> _Provided records_

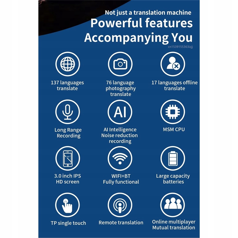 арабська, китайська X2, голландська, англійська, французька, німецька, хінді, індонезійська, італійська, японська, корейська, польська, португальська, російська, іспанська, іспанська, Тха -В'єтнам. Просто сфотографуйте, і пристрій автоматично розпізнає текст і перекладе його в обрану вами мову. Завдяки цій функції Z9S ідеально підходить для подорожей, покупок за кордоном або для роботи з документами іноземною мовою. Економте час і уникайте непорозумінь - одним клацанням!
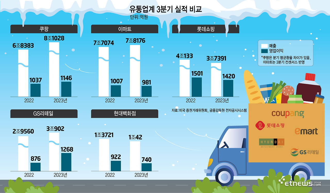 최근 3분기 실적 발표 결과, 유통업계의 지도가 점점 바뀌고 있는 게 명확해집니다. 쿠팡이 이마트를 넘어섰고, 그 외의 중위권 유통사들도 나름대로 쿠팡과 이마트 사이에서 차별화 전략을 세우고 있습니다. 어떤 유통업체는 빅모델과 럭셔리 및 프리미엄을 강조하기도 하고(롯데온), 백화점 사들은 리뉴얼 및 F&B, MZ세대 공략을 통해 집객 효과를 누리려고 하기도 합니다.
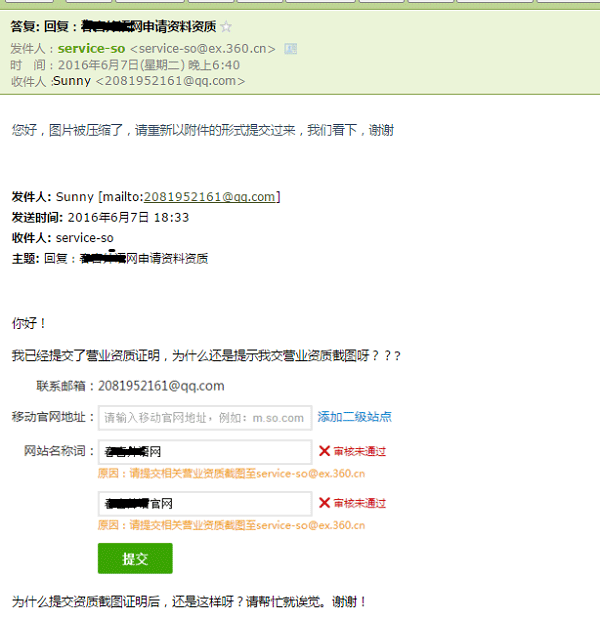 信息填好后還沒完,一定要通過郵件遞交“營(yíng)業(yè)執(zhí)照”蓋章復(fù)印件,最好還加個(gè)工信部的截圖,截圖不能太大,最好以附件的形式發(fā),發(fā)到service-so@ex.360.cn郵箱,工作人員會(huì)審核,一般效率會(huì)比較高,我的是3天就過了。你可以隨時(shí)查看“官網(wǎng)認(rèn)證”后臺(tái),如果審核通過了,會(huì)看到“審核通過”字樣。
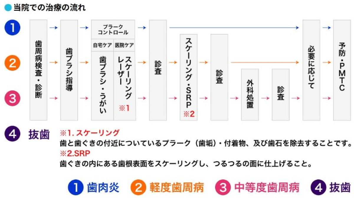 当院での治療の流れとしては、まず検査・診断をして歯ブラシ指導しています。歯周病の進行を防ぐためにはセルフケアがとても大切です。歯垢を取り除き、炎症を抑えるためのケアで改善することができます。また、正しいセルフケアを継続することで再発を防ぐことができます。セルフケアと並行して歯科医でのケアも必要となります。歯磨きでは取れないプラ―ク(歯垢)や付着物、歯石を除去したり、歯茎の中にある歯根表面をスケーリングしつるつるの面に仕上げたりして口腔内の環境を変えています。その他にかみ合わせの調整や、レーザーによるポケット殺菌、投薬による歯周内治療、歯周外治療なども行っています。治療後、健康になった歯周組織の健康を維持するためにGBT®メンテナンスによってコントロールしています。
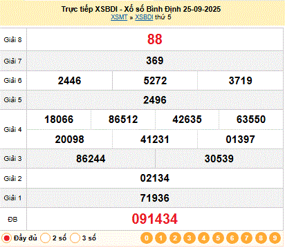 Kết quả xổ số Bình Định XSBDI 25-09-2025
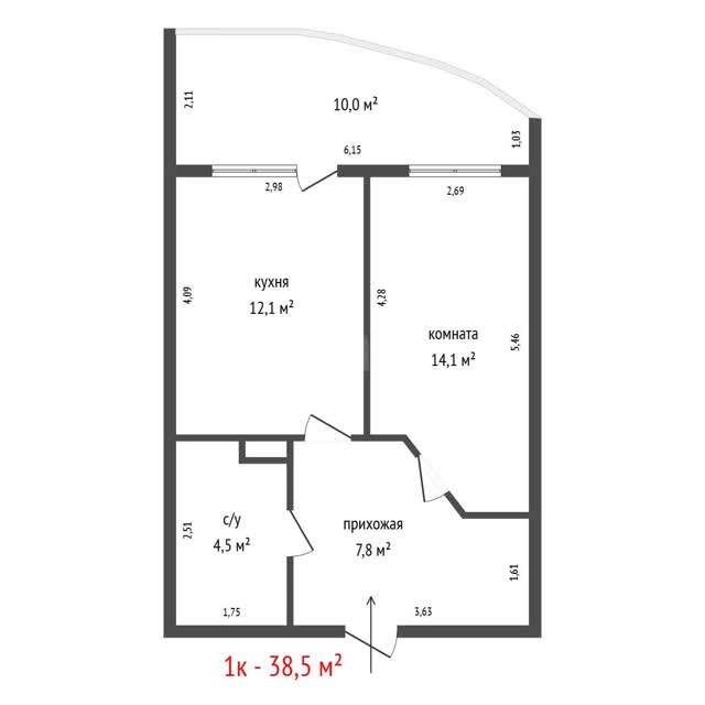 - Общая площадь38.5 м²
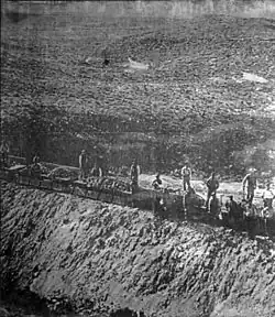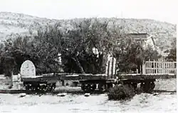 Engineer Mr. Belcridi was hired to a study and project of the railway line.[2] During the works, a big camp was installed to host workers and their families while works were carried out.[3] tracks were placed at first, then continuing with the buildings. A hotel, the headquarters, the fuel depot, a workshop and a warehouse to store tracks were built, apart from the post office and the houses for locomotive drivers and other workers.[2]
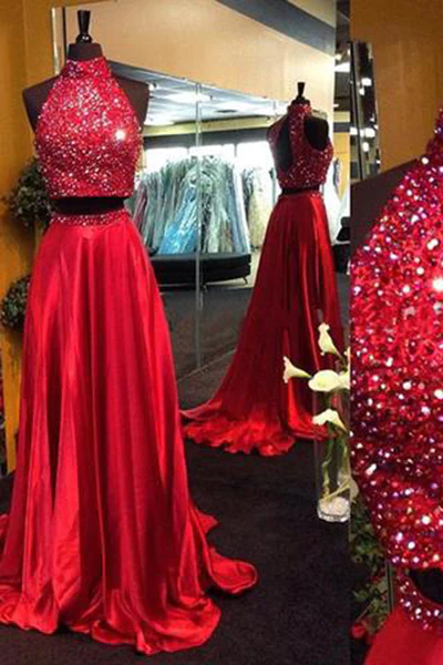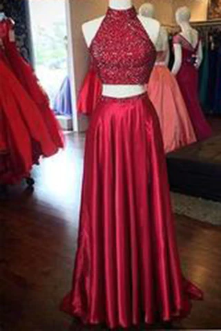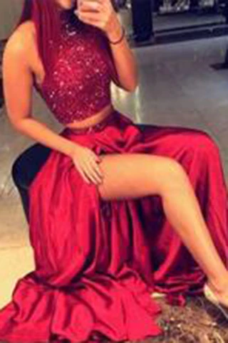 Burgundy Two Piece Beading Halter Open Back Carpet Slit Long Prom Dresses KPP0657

---

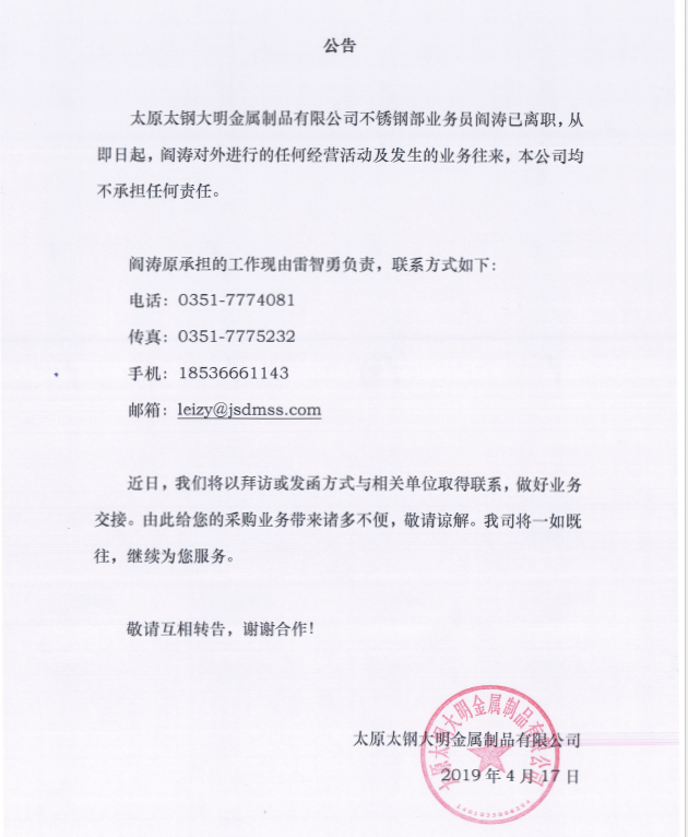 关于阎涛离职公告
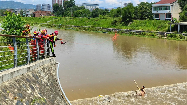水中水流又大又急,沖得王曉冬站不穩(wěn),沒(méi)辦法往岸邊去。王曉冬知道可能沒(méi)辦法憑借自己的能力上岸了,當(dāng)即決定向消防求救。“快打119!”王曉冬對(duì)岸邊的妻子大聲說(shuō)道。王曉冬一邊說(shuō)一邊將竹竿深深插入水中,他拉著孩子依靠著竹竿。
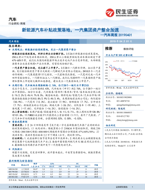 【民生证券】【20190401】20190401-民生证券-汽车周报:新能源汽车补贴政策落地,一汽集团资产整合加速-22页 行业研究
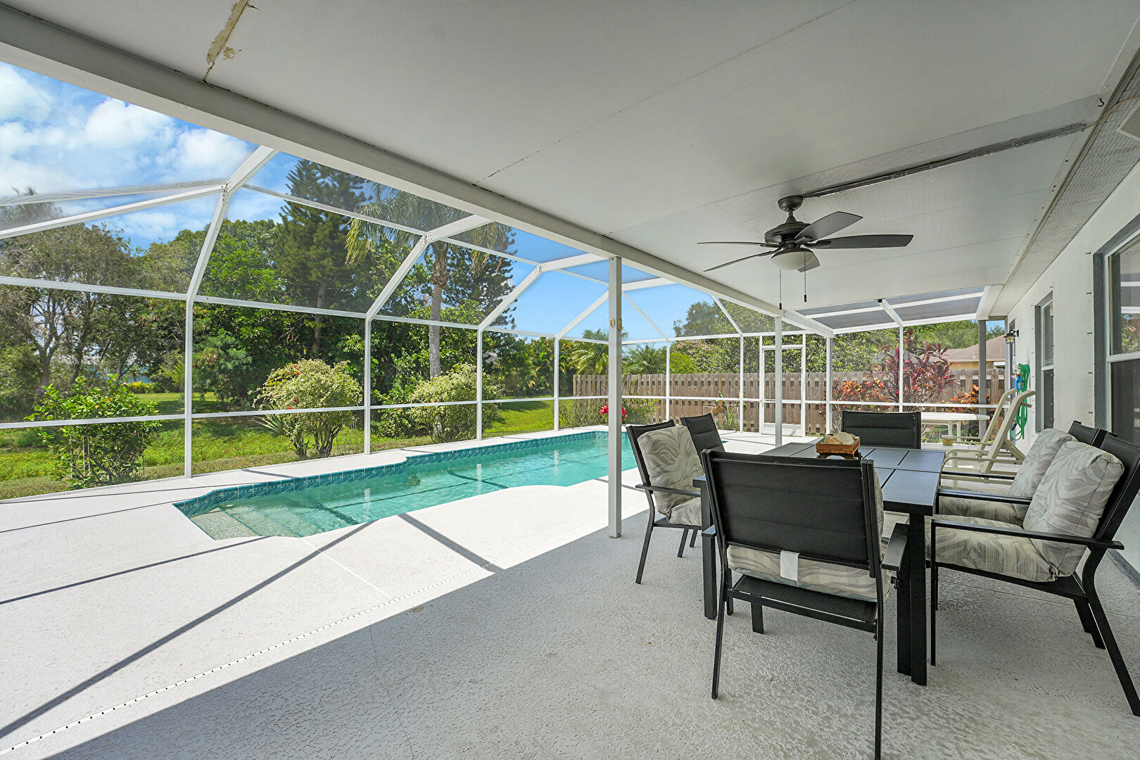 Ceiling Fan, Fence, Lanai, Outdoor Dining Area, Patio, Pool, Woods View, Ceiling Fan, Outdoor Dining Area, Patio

> _Exercise prompt_
Print exactly the lines above that run from the one with "- одним клацанням!" to the one with "Burgundy Two Piece", both included. No pictures.

> _Task solution_
 арабська, китайська X2, голландська, англійська, французька, німецька, хінді, індонезійська, італійська, японська, корейська, польська, португальська, російська, іспанська, іспанська, Тха -В'єтнам. Просто сфотографуйте, і пристрій автоматично розпізнає текст і перекладе його в обрану вами мову. Завдяки цій функції Z9S ідеально підходить для подорожей, покупок за кордоном або для роботи з документами іноземною мовою. Економте час і уникайте непорозумінь - одним клацанням!
 최근 3분기 실적 발표 결과, 유통업계의 지도가 점점 바뀌고 있는 게 명확해집니다. 쿠팡이 이마트를 넘어섰고, 그 외의 중위권 유통사들도 나름대로 쿠팡과 이마트 사이에서 차별화 전략을 세우고 있습니다. 어떤 유통업체는 빅모델과 럭셔리 및 프리미엄을 강조하기도 하고(롯데온), 백화점 사들은 리뉴얼 및 F&B, MZ세대 공략을 통해 집객 효과를 누리려고 하기도 합니다.
 信息填好后還沒完,一定要通過郵件遞交“營(yíng)業(yè)執(zhí)照”蓋章復(fù)印件,最好還加個(gè)工信部的截圖,截圖不能太大,最好以附件的形式發(fā),發(fā)到service-so@ex.360.cn郵箱,工作人員會(huì)審核,一般效率會(huì)比較高,我的是3天就過了。你可以隨時(shí)查看“官網(wǎng)認(rèn)證”后臺(tái),如果審核通過了,會(huì)看到“審核通過”字樣。
 当院での治療の流れとしては、まず検査・診断をして歯ブラシ指導しています。歯周病の進行を防ぐためにはセルフケアがとても大切です。歯垢を取り除き、炎症を抑えるためのケアで改善することができます。また、正しいセルフケアを継続することで再発を防ぐことができます。セルフケアと並行して歯科医でのケアも必要となります。歯磨きでは取れないプラ―ク(歯垢)や付着物、歯石を除去したり、歯茎の中にある歯根表面をスケーリングしつるつるの面に仕上げたりして口腔内の環境を変えています。その他にかみ合わせの調整や、レーザーによるポケット殺菌、投薬による歯周内治療、歯周外治療なども行っています。治療後、健康になった歯周組織の健康を維持するためにGBT®メンテナンスによってコントロールしています。
 Kết quả xổ số Bình Định XSBDI 25-09-2025
 - Общая площадь38.5 м²
 Engineer Mr. Belcridi was hired to a study and project of the railway line.[2] During the works, a big camp was installed to host workers and their families while works were carried out.[3] tracks were placed at first, then continuing with the buildings. A hotel, the headquarters, the fuel depot, a workshop and a warehouse to store tracks were built, apart from the post office and the houses for locomotive drivers and other workers.[2]
 Burgundy Two Piece Beading Halter Open Back Carpet Slit Long Prom Dresses KPP0657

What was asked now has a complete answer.